- WORK ITEM
Only one span of the listing below is wanted: the lines from the one with "Lincoln High Principal" through the one with "Assunto: REITERO A", reproduced exactly, both ends kept.

*** Opening DATA TO EXAMINE ***

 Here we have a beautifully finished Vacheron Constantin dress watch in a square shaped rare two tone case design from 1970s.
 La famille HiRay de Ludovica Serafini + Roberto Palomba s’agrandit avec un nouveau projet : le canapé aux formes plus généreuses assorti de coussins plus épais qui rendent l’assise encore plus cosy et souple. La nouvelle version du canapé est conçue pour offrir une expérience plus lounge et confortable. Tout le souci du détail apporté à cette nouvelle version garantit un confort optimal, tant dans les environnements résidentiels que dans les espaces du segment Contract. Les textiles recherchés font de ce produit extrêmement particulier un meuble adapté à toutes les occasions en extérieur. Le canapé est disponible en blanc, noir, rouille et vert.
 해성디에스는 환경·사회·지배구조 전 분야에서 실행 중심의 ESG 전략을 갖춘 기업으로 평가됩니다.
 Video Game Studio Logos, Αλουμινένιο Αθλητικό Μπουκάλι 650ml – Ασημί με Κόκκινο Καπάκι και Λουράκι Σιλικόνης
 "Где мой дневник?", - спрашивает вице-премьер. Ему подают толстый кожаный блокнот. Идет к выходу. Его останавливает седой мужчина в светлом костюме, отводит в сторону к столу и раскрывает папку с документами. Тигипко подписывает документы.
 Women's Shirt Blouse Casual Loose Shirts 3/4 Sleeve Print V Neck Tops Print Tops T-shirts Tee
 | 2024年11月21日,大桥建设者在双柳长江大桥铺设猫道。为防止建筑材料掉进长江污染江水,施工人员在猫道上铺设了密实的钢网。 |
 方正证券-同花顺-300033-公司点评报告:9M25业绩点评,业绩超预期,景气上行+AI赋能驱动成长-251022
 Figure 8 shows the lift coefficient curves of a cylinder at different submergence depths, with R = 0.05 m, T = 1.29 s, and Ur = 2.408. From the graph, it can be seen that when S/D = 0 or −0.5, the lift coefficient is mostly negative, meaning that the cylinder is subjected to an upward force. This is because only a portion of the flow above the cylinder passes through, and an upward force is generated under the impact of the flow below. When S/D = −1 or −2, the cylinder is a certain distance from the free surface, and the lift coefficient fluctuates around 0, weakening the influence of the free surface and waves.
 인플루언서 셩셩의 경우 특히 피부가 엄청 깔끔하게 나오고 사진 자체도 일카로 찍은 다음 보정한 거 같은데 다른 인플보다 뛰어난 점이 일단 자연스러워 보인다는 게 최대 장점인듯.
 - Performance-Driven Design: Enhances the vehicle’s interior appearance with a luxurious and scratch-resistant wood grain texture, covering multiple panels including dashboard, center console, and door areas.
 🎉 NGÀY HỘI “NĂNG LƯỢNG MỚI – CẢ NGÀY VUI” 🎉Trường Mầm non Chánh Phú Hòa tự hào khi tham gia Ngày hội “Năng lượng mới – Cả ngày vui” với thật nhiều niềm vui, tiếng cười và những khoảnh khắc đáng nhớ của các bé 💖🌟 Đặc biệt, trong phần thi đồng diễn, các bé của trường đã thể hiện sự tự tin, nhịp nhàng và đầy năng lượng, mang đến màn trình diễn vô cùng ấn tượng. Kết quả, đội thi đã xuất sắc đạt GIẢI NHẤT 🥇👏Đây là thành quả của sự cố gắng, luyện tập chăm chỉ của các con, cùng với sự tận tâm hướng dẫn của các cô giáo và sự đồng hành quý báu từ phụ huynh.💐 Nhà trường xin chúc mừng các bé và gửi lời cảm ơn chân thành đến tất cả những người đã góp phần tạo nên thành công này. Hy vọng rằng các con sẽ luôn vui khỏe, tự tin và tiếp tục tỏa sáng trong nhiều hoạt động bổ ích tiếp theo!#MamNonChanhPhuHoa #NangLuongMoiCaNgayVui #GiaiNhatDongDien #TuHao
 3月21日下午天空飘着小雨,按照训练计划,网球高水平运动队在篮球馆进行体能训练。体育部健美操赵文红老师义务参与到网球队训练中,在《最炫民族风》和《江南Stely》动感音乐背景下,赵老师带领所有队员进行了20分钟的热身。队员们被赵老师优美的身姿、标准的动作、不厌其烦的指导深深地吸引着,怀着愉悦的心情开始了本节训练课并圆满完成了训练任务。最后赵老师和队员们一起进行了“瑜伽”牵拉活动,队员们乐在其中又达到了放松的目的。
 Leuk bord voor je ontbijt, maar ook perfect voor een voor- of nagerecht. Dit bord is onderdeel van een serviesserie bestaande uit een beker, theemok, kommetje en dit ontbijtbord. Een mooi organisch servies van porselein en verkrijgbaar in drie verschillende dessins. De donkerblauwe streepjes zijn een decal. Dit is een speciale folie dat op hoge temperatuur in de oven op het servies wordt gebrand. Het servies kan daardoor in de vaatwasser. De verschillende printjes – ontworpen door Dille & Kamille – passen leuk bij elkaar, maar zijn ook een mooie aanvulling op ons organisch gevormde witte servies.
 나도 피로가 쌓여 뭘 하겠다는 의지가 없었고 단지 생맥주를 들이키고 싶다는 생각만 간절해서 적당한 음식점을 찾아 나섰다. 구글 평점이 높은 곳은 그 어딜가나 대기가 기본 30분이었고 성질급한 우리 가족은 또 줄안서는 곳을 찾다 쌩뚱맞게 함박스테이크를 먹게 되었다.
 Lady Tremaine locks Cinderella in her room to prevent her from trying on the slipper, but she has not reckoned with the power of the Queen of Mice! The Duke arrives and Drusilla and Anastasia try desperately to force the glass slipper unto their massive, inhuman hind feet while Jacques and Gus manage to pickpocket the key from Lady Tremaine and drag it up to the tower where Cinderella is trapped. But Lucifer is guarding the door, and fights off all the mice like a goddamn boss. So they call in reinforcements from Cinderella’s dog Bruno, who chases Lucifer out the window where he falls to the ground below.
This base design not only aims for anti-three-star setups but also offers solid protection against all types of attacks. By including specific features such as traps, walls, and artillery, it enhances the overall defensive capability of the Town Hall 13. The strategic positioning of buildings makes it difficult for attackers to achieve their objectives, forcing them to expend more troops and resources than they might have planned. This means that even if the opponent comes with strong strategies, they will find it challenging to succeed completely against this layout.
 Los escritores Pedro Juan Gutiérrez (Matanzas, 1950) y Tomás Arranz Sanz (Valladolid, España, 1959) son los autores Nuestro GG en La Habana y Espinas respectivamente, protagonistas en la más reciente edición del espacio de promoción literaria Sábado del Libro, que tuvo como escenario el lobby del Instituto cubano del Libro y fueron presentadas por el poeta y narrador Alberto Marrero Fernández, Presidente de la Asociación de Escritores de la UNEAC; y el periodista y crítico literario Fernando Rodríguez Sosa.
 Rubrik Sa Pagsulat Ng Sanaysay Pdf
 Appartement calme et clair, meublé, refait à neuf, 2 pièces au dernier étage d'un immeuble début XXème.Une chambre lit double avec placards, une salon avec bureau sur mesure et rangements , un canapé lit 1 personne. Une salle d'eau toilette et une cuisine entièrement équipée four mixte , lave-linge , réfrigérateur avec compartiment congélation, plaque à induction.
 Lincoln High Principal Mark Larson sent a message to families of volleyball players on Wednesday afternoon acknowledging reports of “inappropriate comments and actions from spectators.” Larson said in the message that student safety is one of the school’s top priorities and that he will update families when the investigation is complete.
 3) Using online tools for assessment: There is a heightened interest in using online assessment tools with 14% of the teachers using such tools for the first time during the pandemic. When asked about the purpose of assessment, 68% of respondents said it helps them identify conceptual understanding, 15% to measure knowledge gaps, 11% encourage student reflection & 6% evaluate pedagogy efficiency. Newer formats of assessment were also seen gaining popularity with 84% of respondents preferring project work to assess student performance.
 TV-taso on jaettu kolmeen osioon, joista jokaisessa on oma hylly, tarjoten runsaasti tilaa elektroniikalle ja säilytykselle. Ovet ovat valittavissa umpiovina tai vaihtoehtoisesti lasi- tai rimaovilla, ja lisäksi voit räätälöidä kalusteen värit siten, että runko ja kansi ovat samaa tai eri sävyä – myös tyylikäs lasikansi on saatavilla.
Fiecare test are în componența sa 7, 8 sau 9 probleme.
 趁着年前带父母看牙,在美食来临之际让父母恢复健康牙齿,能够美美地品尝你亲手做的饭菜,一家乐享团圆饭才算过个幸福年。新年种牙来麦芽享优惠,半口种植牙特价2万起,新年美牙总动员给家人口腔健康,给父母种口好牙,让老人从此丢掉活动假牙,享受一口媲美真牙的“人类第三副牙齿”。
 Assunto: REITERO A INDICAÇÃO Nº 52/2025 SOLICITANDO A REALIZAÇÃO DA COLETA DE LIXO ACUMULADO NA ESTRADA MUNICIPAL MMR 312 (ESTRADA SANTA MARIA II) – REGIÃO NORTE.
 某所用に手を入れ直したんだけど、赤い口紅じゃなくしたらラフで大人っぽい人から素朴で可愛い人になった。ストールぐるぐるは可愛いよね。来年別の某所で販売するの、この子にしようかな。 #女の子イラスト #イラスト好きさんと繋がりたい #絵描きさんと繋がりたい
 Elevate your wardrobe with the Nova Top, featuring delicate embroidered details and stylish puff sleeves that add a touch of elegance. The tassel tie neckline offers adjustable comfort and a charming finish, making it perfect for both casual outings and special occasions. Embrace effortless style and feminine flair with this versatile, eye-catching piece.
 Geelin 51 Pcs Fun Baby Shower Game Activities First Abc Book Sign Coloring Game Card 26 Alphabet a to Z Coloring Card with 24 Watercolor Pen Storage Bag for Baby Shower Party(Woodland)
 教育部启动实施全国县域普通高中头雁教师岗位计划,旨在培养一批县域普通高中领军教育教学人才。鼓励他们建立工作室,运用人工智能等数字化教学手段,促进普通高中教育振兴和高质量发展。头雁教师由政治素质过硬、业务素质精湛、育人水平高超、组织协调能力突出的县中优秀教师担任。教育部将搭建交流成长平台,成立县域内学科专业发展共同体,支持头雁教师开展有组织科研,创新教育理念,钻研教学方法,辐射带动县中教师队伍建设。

*** Closing DATA TO EXAMINE ***

- OUTPUT
 Lincoln High Principal Mark Larson sent a message to families of volleyball players on Wednesday afternoon acknowledging reports of “inappropriate comments and actions from spectators.” Larson said in the message that student safety is one of the school’s top priorities and that he will update families when the investigation is complete.
 3) Using online tools for assessment: There is a heightened interest in using online assessment tools with 14% of the teachers using such tools for the first time during the pandemic. When asked about the purpose of assessment, 68% of respondents said it helps them identify conceptual understanding, 15% to measure knowledge gaps, 11% encourage student reflection & 6% evaluate pedagogy efficiency. Newer formats of assessment were also seen gaining popularity with 84% of respondents preferring project work to assess student performance.
 TV-taso on jaettu kolmeen osioon, joista jokaisessa on oma hylly, tarjoten runsaasti tilaa elektroniikalle ja säilytykselle. Ovet ovat valittavissa umpiovina tai vaihtoehtoisesti lasi- tai rimaovilla, ja lisäksi voit räätälöidä kalusteen värit siten, että runko ja kansi ovat samaa tai eri sävyä – myös tyylikäs lasikansi on saatavilla.
Fiecare test are în componența sa 7, 8 sau 9 probleme.
 趁着年前带父母看牙,在美食来临之际让父母恢复健康牙齿,能够美美地品尝你亲手做的饭菜,一家乐享团圆饭才算过个幸福年。新年种牙来麦芽享优惠,半口种植牙特价2万起,新年美牙总动员给家人口腔健康,给父母种口好牙,让老人从此丢掉活动假牙,享受一口媲美真牙的“人类第三副牙齿”。
 Assunto: REITERO A INDICAÇÃO Nº 52/2025 SOLICITANDO A REALIZAÇÃO DA COLETA DE LIXO ACUMULADO NA ESTRADA MUNICIPAL MMR 312 (ESTRADA SANTA MARIA II) – REGIÃO NORTE.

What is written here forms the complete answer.